The ECB has bought 187 billion euros in government bonds since May 2010 but it has so far "sterilized" all purchases by taking the equivalent amount in from the market in deposits. One option would be to stop fully sterilizing bond purchases. This has been anathema in Germany, which fears that printing money could stoke inflation.

 

Budget Talks Remain Stalled

 

Budget talks in Congress remain stalemated on Wednesday as Democrats and Republicans waited for the other side to make a new offer on taxes and healthcare. With a deadline less than a week away, members of a 12-member "super committee" tasked with finding $1.2 trillion in budget savings confronted the same barriers that have thwarted earlier efforts to rein in the growing national debt, which crossed the $15 trillion mark on Tuesday.

 

Republicans, who have moved away from their staunch opposition to tax increases, said they would not give any more ground until Democrats consider reforms that would partially privatize the Medicare health-insurance program for retirees.

 

Democrats have proposed raising the Medicare eligibility age from 65 to 67 but have shied away from sweeping reforms. They proposed a $1 trillion tax increase last week.

 

"We are not going to accept a plan that gives tax breaks to the wealthiest Americans and balances all this incredible challenge we have on the backs of middle-class Americans," said Senator Patty Murray, the top Democrat on the committee.

 

Despite the posturing, negotiations continued behind the scenes. Democrats might reconvene later in the day after staffers assess a few options, Democratic Representative Xavier Becerra said. He would not say whether Democrats planned to float a new offer.

 

As negotiators grappled, some 50 lawmakers from both parties urged them to shoot for a much bigger deal that would come closer to the $4 trillion in savings that outside experts say is needed to keep U.S. debt at a manageable level.

 

Interest groups like Americans for Tax Reform and the seniors' group AARP have mobilized to protect their turf, while the healthcare and defense industries are lobbying furiously to minimize the impact of any cuts.

 

One group came to Capitol Hill to say it was willing to sacrifice. About two dozen wealthy individuals, including several former officials at Google, testified at a hearing and told reporters they were willing to pay more income taxes.

 

"Our country has been good to us. It provided a foundation through which we could succeed. Now, we want to do our part to keep that foundation strong so that others can succeed as we have," the Patriotic Millionaires for Fiscal Strength wrote in a letter signed by 138 group members to President Barack Obama and congressional leaders.

 

The super committee faces a deadline of November 23, but any deal will have to be hammered out a few days before then to give budget analysts time to crunch the numbers. Negotiations are expected to go through the weekend.

 

Failure to reach a deal would trigger $1.2 trillion in automatic spending cuts that would fall equally on military and domestic programs.

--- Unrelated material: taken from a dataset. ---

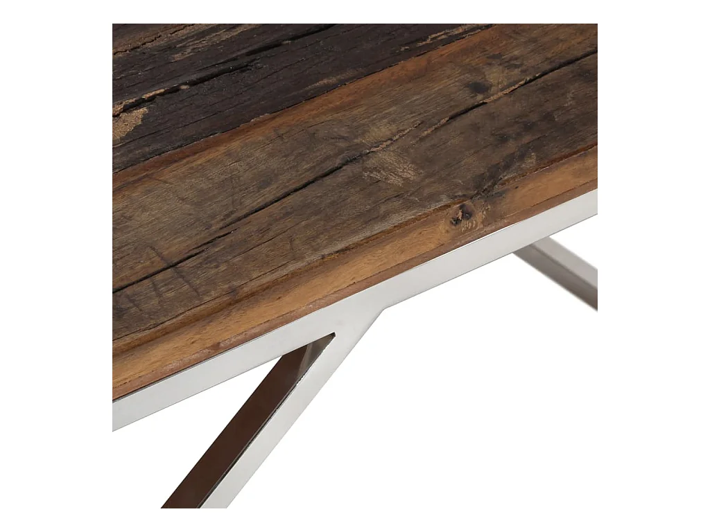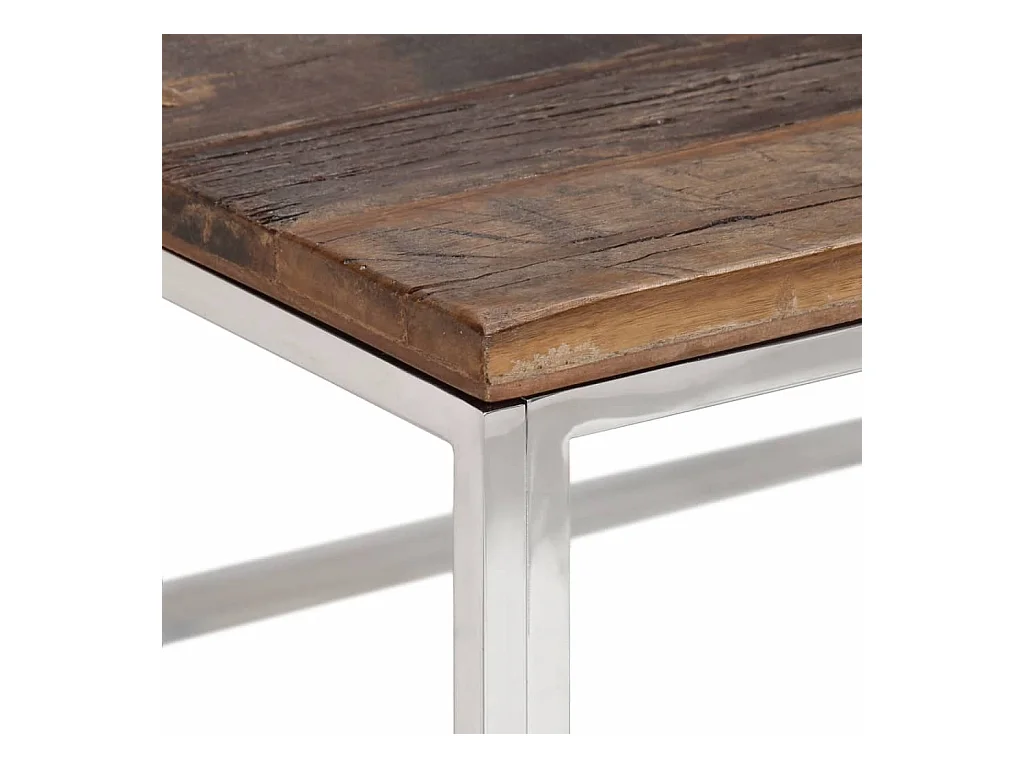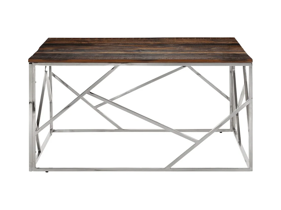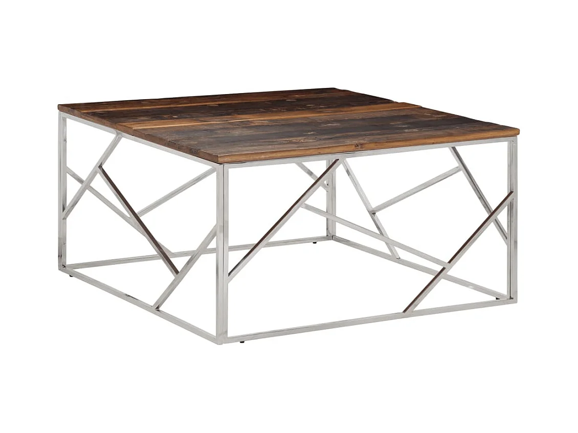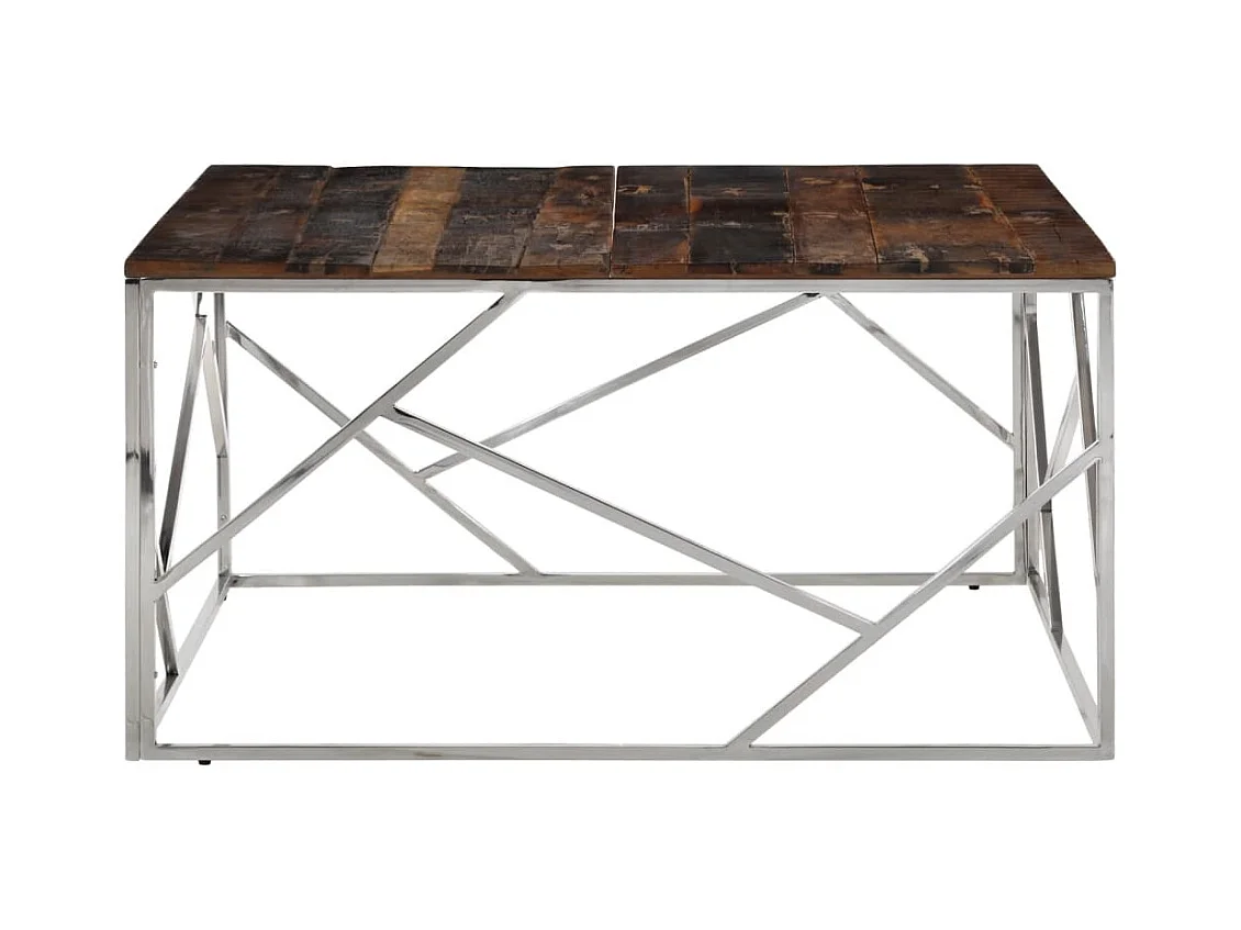 Table basse argenté acier inoxydable et bois de mélèze massif

Republicans appear to be more alarmed by that prospect than Democrats, and some have proposed shifting the balance to ease the blow to the Pentagon.

 

Republicans also worry that Obama could allow taxes on the wealthy to rise at the end of 2012 if they don't agree to a permanent overhaul of the tax code by then.

 

Congress has until December 23 to approve any deal that emerges from the super committee. Failure to so could further anger a public that has been rattled by repeated budget showdowns this year, and prompt investors to question whether Washington has the willpower to make tough fiscal choices at a time when sovereign debt burdens in Greece, Italy and other countries are rattling world financial markets.

 

It could also make it harder for Congress to sign off on a number of expiring provisions, such as a payroll tax cut and enhanced jobless benefits that could slow economic growth if they are allowed to lapse.